• [What needs to be done]:
Taking the line that contains "3 ระดับชาติ จากการประกวดโครงงานวิทยาศาสตร์อาชีวศึกษา" as the start and the last line of the data as the end, repeat exactly every line in that span, but no pictures.

[Information given — start]

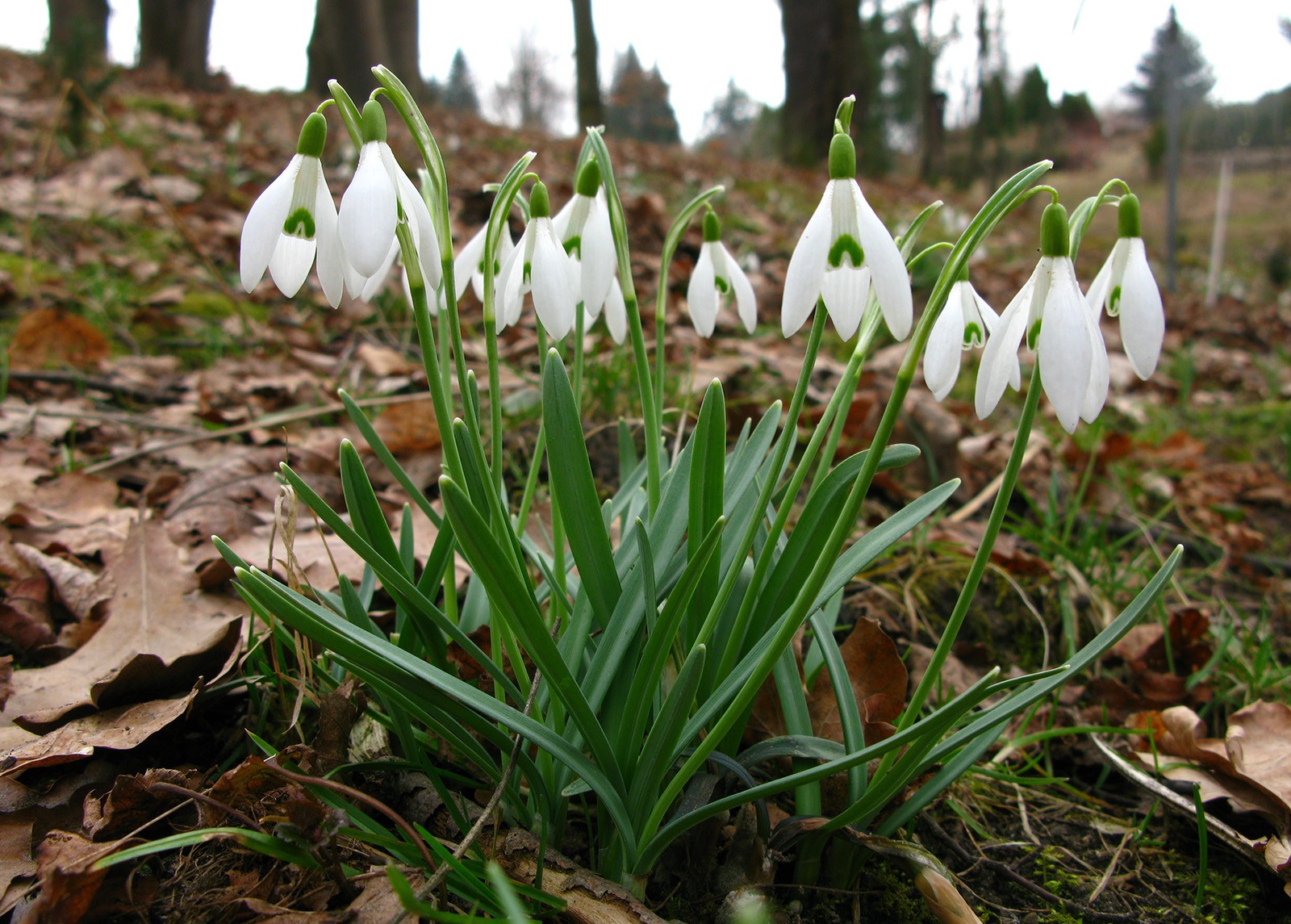 Na przedwiośniu zaczynają kwitnąć też śnieżyczki przebiśniegi (Galanthus nivalis). Ich zwieszone białe kwiaty pojawiają się w marcu. Nieraz zdarzało się w Ogrodzie, że kwitnące przebiśniegi zasypywał nocny śnieg, ale południowe słońce roztapiało jego wierzchnią warstwę i kwiaty wyłaniały się spod białego puchu nieuszkodzone. Rośliny kwitnące tak wcześnie musiały wytworzyć wiele systemów zabezpieczających przed uszkodzeniem tak ważnych przecież dla nich organów rozmnażania, jakimi są kwiaty. Między innymi jest to możliwość zamykania kwiatów w niesprzyjających warunkach nawet na kilka dni i utrzymywanie w pąku wyższej temperatury niż na zewnątrz.
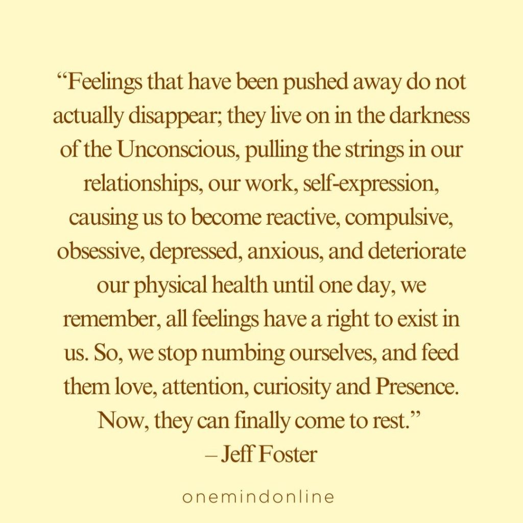 “Feelings that have been pushed away do not actually disappear; they live on in the darkness of the Unconscious, pulling the strings in our relationships, our work, self-expression, causing us to become reactive, compulsive, obsessive, depressed, anxious, and deteriorate our physical health until one day, we remember, all feelings have a right to exist in us. So, we stop numbing ourselves, and feed them love, attention, curiosity and Presence. Now, they can finally come to rest.” – Jeff Foster
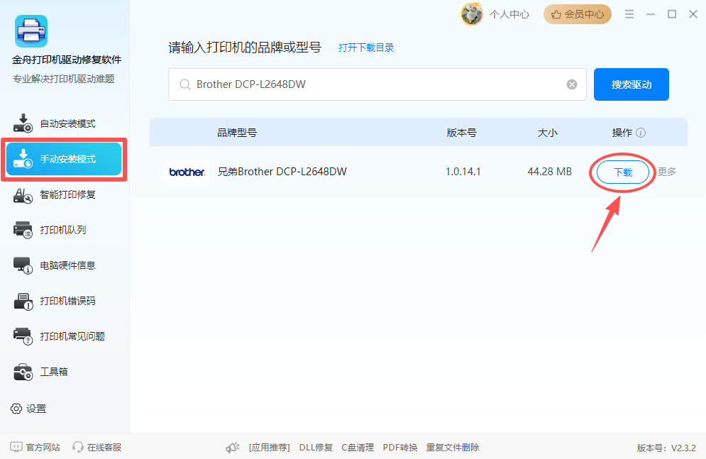 步骤4:手动安装模式:精准定位Brother打印机驱动。若你的打印机是网络连接或未被自动识别,可切换至手动模式:在软件顶部搜索栏输入 “Brother DCP-L2648DW”,系统会从百万级驱动库中筛选出对应型号的所有版本,选择与你的系统匹配的驱动点击下载即可。
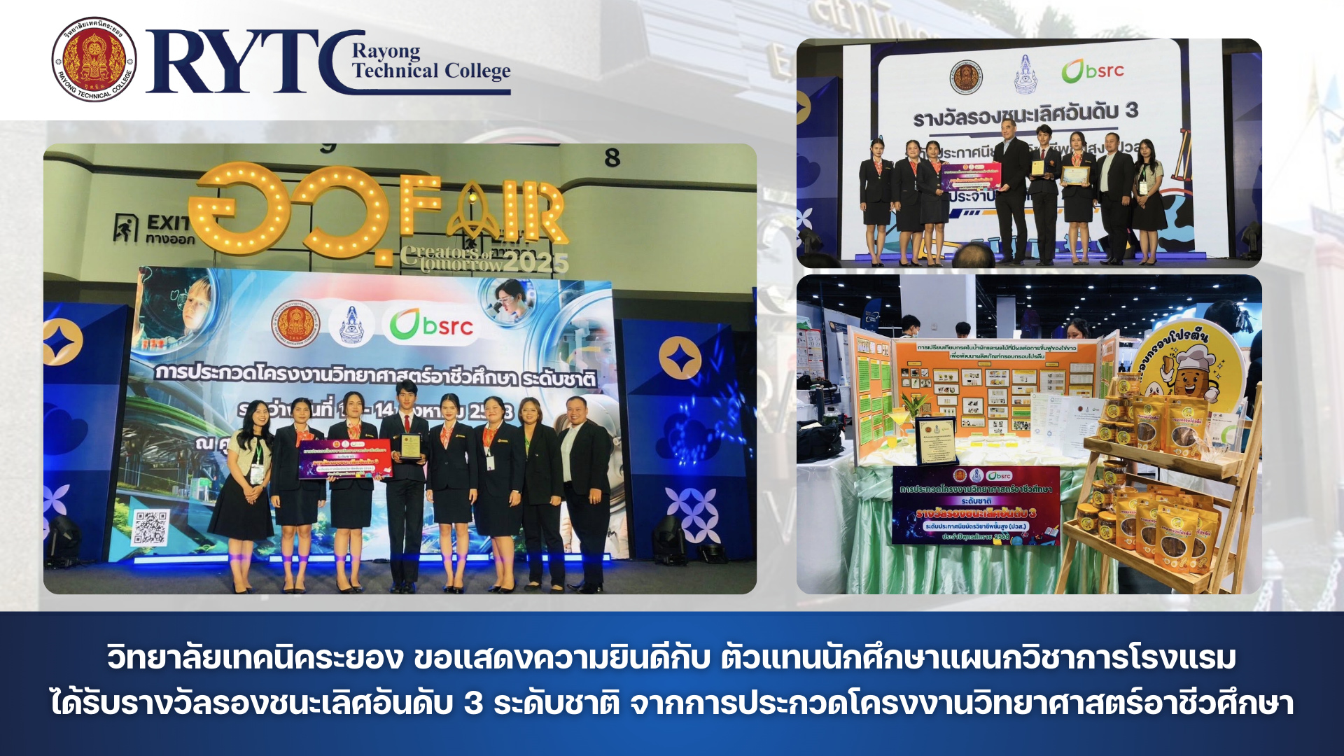 วิทยาลัยเทคนิคระยอง ขอแสดงความยินดีกับ ตัวแทนนักศึกษาแผนกวิชาการโรงแรม ได้รับรางวัลรองชนะเลิศอันดับ 3 ระดับชาติ จากการประกวดโครงงานวิทยาศาสตร์อาชีวศึกษา
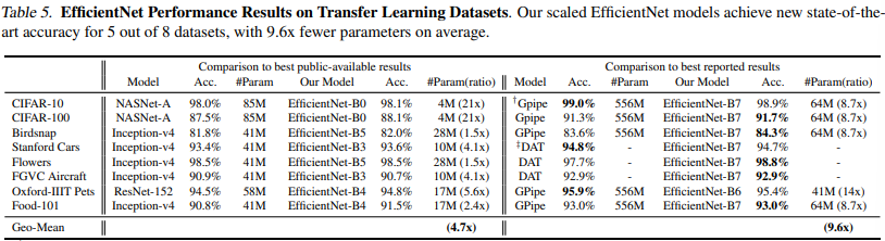 ☑️실험 결과, EfficientNet은 평균적으로 적은 파라미터를 가지고도 더 높은 정확도를 달성했습니다.
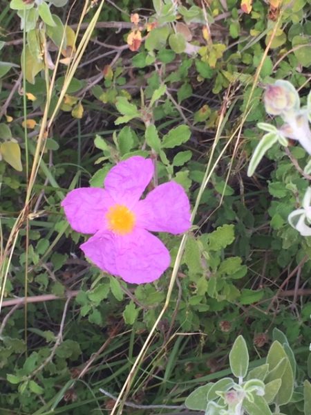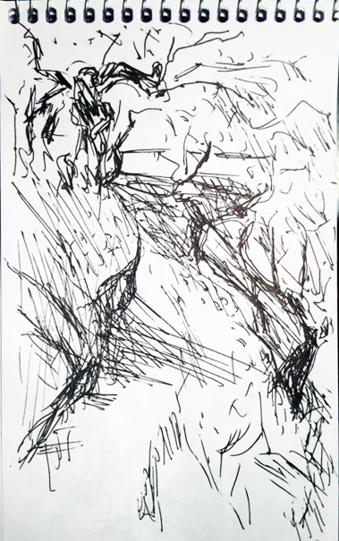 Wenn ich solche Wege gehe, kommt mir stets die Rilkezeile in den Sinn „Wege gehen weit ins Land und zeigens“. Ich bleibe stehen, betrachte den Weg mit seiner lehmigen Bruchkante, den Gänseblümchen und dem Grünzeug, zücke meinen winzigen „Reporterblock“ und skizziere den Weg mitsamt den Olivenbäumen, die auf verschiedenen Höhen des steil abfallenden Geländes wachsen, In der Ferne die Horizontlinie des Meeres.

[Information given — finish]

• [Solved exercise]:
 วิทยาลัยเทคนิคระยอง ขอแสดงความยินดีกับ ตัวแทนนักศึกษาแผนกวิชาการโรงแรม ได้รับรางวัลรองชนะเลิศอันดับ 3 ระดับชาติ จากการประกวดโครงงานวิทยาศาสตร์อาชีวศึกษา
 ☑️실험 결과, EfficientNet은 평균적으로 적은 파라미터를 가지고도 더 높은 정확도를 달성했습니다.
 Wenn ich solche Wege gehe, kommt mir stets die Rilkezeile in den Sinn „Wege gehen weit ins Land und zeigens“. Ich bleibe stehen, betrachte den Weg mit seiner lehmigen Bruchkante, den Gänseblümchen und dem Grünzeug, zücke meinen winzigen „Reporterblock“ und skizziere den Weg mitsamt den Olivenbäumen, die auf verschiedenen Höhen des steil abfallenden Geländes wachsen, In der Ferne die Horizontlinie des Meeres.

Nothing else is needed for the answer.